As Michael had predicted, the recording did catch the attention of some interested parties in the media and law enforcement, and one excerpt with me complaining about the Trumps charging way too much for a Trump Hotel venue did surface.

Melania and I were in loose touch in September. The summer went too fast, Melania texted me on September 5th. Wishing you a successful year.

On September 12th, she wrote, hope you're well. I guess you were at Fashion Week.

Did she seriously think I was going to Fashion Week? I was barely functioning. I wrote back, no fashion week for me. I'm dealing with back and school and doctors and paperwork.

The paperwork in question was me collating and compiling a complete record of every email, text and phone log from the day I joined the inaugural committee until now. I was compiling it for the U.S. district court for the Southern District of New York. I told Melania, quote: I'm always thinking of you, my dear sweet friend. I miss you.

On October 2nd, 2018, I received a grand jury subpoena from the U.S. attorney's office for the southern district of New York. I also received a sealed order issued by the U.S. district court for the Southern District that prohibited me from disclosing, among other things, the fact of my subpoena for 180 days. I couldn't breathe a word to anyone for months because this had to be kept confidential from the inaugural committee and from the White House.

The investigations were under way. And they couldn't know. I wasn't allowed to tell anyone, and that included Melania.

On December 13th, 2018, the news came out that Manhattan federal prosecutors had opened a criminal probe into the inauguration spending, and into whether some of the committee's top donors had traded cash for access to the Trump administration. The accounting didn't delineate where and how the donations had come in. Investigators were looking into whether extravagant donation packages offered face time with officials, and if selling access explained the Trump inauguration's record-shattering $107 million cost, $50 million more than any other inaugural ever.

She says, quote, my second subpoena came from the House Permanent Select Committee on Intelligence. The third subpoena came from the District of Columbia. I cooperated fully with both. These investigations are still underway.

On January 22nd, 2020, the D.C. attorney general's office filed suit against the inaugural committee and the Trump international hotel. The charge was misuse of nonprofit funds which they'd use to pay outrageous fees to the family's own business. D.C.'s Attorney General Karl Racine stated: District law requires nonprofit to use their funds for the stated public purpose, not to benefit private individuals or companies.

The suit cited emails between me and Rick Gates. The details are stomach-churning. The hotel wanted to charge the inaugural committee $3.6 million for event space, food and drinks over eight days. The inaugural events only spanned four days. The amount of $450,000 per day was, quote, significantly more than the Trump hotel's internal pricing guidelines for use of this event space, per the lawsuit.

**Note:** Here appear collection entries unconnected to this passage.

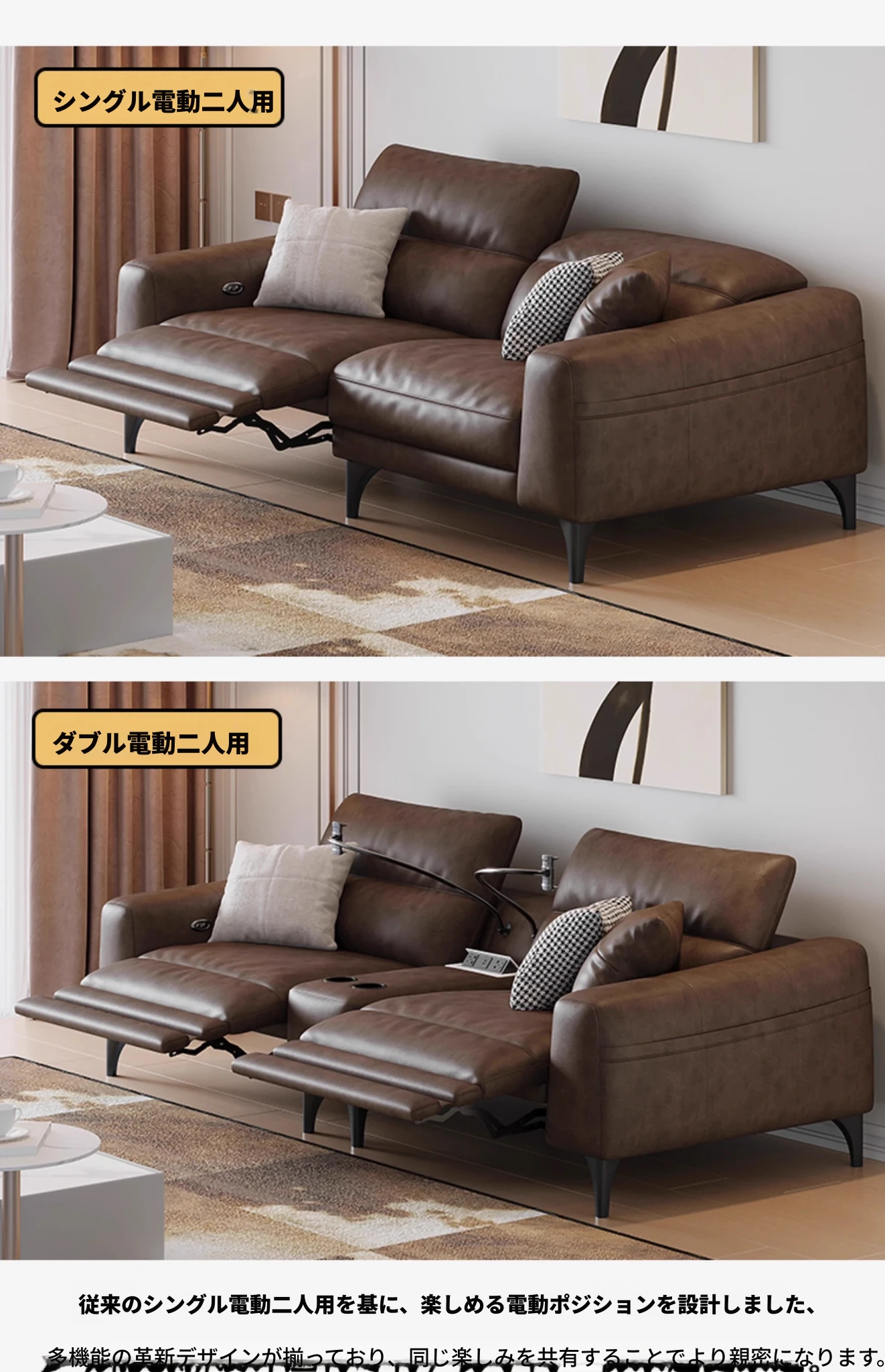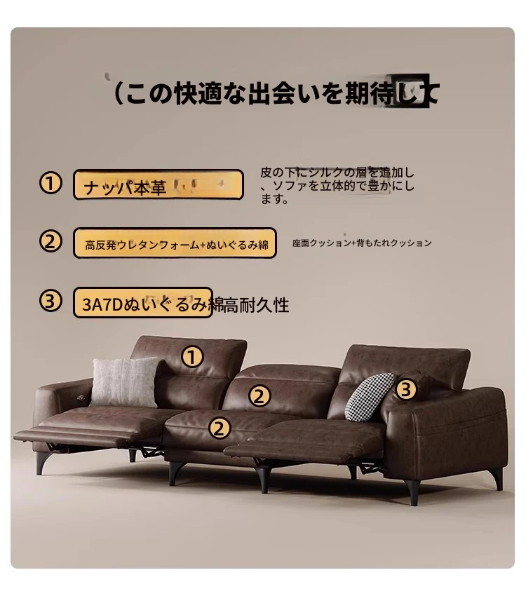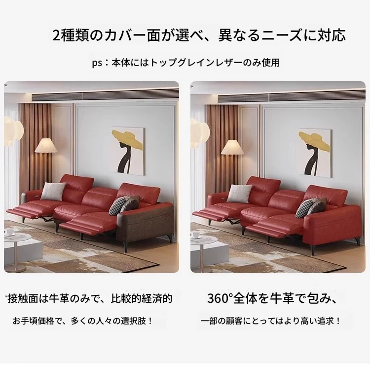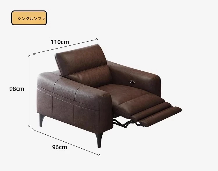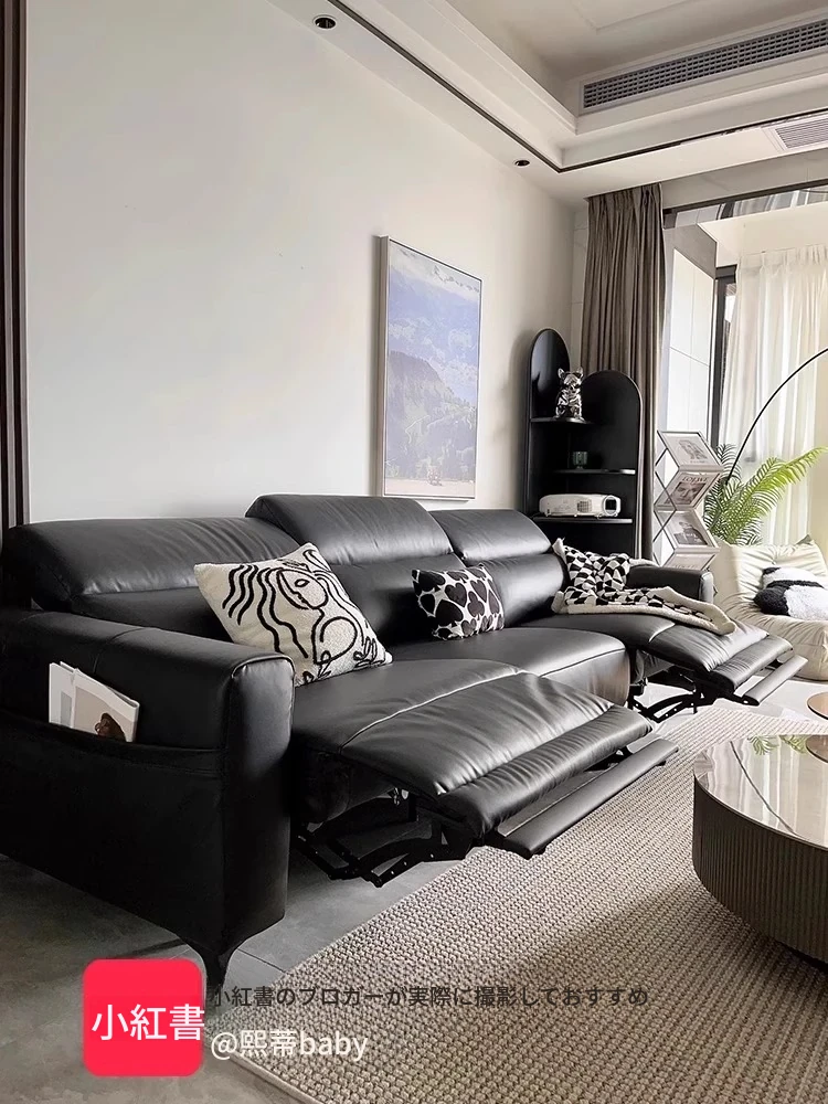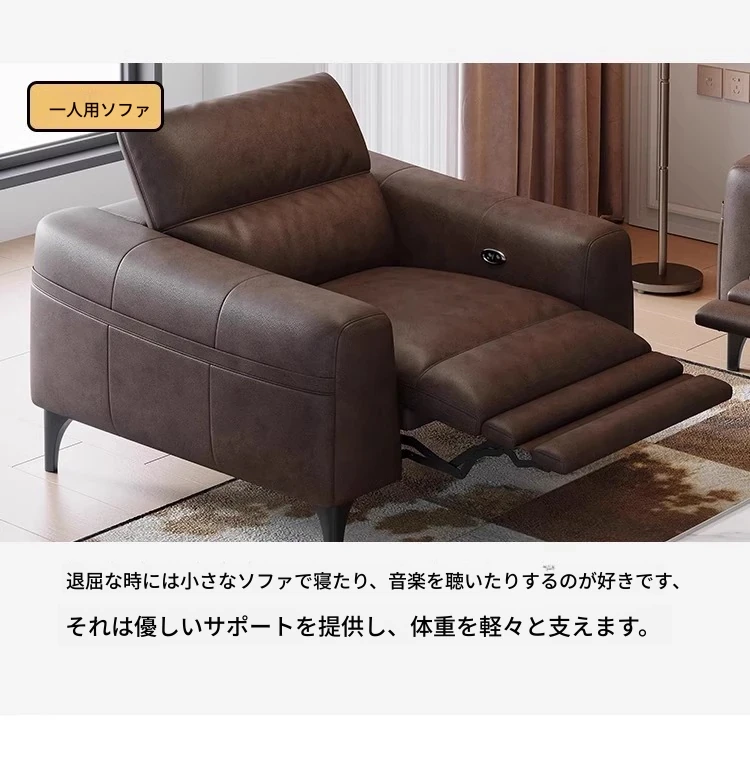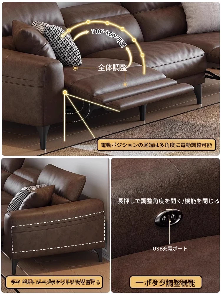 本革電動ソファー - イタリアンミニマルデザイン、壁にぴったりフィット、小型スペースに最適!調節可能なヘッドレストと伸縮機能を搭載した多機能ソファーで、快適なリビング空間を実現します。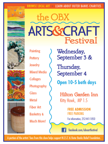 “If you are looking for a fun and inspiring way to spend the day, stop by the OBX Arts & Craft Festival at the Hilton Garden Inn in Kitty Hawk (oceanfront at milepost 1.5 on the Beach Road). Meander through booths of beautiful artwork and discover two local charities that are doing great things for the Outer Banks.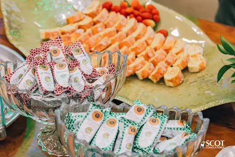 Coffee breaks entre apresentações, coquetel de relacionamento, e encerramento no Dia de Campo com várias estações de carne e a tradicional Queima do Alho da Festa do Peão de Barretos.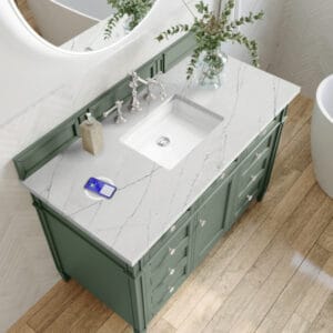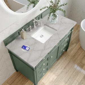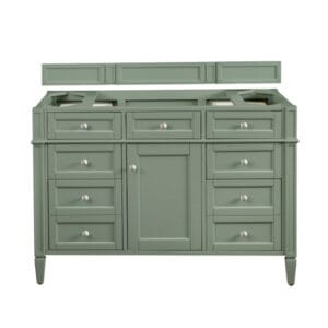 The 48″ Brittany Single vanity in Smokey Celadon by James Martin Vanities, features optimal organization with one hide-away tip-out drawer plus two side drawers, Brittany wood vanity can complement a variety of decors and is a sophisticated vanity solution for your small bathroom.
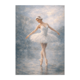 ポスター - B2この商品はpixivFACTORYで作られた商品です。サンプル画像は完成イメージのため、実物と異なる場合があります。 静と動のあいだに佇む白鳥のバレリーナ。 均衡を保ちながら舞う姿が、内面の集中と美しさを映し出します。 柔らかな色彩と油絵風の筆致で描かれた、 クラシックで気品あるバレエアートです。

The Trump Organization called the lawsuit a PR stunt and vigorously denied any wrongdoing. There was no comment publicly from team Tom Barrack, but Stephanie Wolkoff -- Stephanie Winston Wolkoff writes in her new book, quote, I can say now my official comment is, you go D.C. Attorney General Karl Racine.

She says, quote, I wish I could say cooperating with three different investigations is empowering. It isn't. It keeps me involved in something I want to have nothing to do with. My family would love for me to wake up one morning and say, I'm over it, time to move on. So would I, which is why I had to write this book.

I know there's a lot of personal stuff in here about the first lady and that important relationship with her best friend. But this stuff about the inaugural is red-hot and live.

Stephanie Winston Wolkoff joins us live next.

MADDOW: This is from page 111 of Stephanie Winston Wolkoff's new book, "Melania and Me", 35 days before the inaugural.

She says: Back in New York, I attended a meeting with President-elect Trump in his office. The space was packed with boxes, trinkets and piles of paper. I thought I was a hoarder. His office looked like a garage sale.

Stephanie, Donald said, tell me what's going on with the inauguration planning. Ivanka joined Donald and me for the meeting. I presented to the two of them. I grabbed my binder, went over to Donald's side of the desk and sat with my knees on the floor. He sat in his red leather chair, leaning back, clasping his hands, ready for me to proceed. Ivanka hovered over me.

I went through hundreds of pages covering all 18 events. Ivanka made comments and asked questions, will there we a red carpet. Where do we walk during the parade? What about seating at the swearing-in? After-party?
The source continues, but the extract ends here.